Background/aims: The activation of hepatic stellate cells is a key initiating event in hepatic fibrogenesis. Although TGFbeta1 is a potent inducer of collagen alpha1(I) expression in vitro and elevated levels of TGFbeta1 are found in patients and experimental animals with hepatic fibrosis and cirrhosis, the role of increased TGFbeta1 in the initiation of hepatic stellate cell activation in vivo is unknown. We used two experimental approaches to study this relationship: 1) Induction of an acute liver injury with carbon tetrachloride (CCl4) in normal and TGFbeta1-knockout (ko) mice, and 2) overexpression of TGFbeta1 in the liver of wild-type mice using a recombinant replication-deficient adenovirus encoding human TGFbeta1 (Ad-TGFbeta1).
Methods: TGFbeta1-ko mice (n=6) and normal mice (n=6) were injected once intraperitoneally (i.p.) with CCl4 (1 microl/g BW) or mineral oil. Wild-type mice (n=3) were injected intravenously with Ad-TGFbeta1 (10(10) pfu) or a control virus expressing beta-galactosidase (Ad-LacZ, 10(10) pfu). Animals were sacrificed after 3 days and total liver RNA was prepared. The expression of collagen alpha1(I) mRNA normalized to GAPDH mRNA was measured by RNase protection assay, asmooth muscle actin (alpha-sma) protein expression was analyzed by Western blotting. The expression of TGFbeta1, TGFbeta2, and TGFbeta3 mRNAs were determined semi-quantitatively with RT-PCR.
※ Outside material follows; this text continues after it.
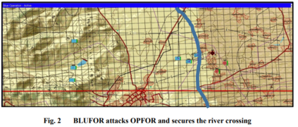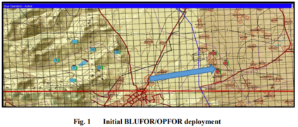 在该场景中,蓝军(BLUFOR)的目标是向东推进,穿过阿塞拜疆名为阿格达姆区的地区,同时与部署在河东的对方部队(OPFOR)交战并将其消灭。(见图 1)

Results: The collagen alpha1(I) mRNA was increased 10-fold in CCl4-treated wild-type mice compared to the controls. This increase was reduced about 80% in the TGFbeta1-ko mice. The TGFbeta1 mRNA levels in the wild-type mice were proportional to the collagen alpha1(I) mRNA levels. a-sma, a marker of hepatic stellate cell activation, was expressed earlier and at a higher level in wild-type mice than TGFbeta-ko mice after CCl4 treatment. The Ad-TGFbeta1 infected mice had 14-fold higher hepatic TGFbeta protein levels and 15-fold higher collagen alpha1(I) mRNA levels than the Ad-LacZ-infected control mice. Collagen alpha1(I) mRNA levels were proportional to the transgenic TGFbeta1 mRNA levels, while the endogenous TGFbeta1 was only slightly higher than in the controls. TGFbeta2 and TGFbeta3 mRNA levels were elevated in CCl4-treated wild-type and TGFbeta1-ko mice and in Ad-TGFbeta1-infected mice compared to the controls.
Conclusions: Absence of TGFbeta1 inhibits hepatic collagen alpha1(I) mRNA and alpha-sma protein expression by the toxic stimulus CCl4, and targeted TGFbeta1 overexpression increases collagen alpha1(I) mRNA and alpha-sma protein levels in the liver in vivo. Other TGFbeta family members do not compensate for the TGFbeta1 deficiency. This indicates that TGFbeta1 accelerates, but is not absolutely required, for the activation of hepatic stellate cells.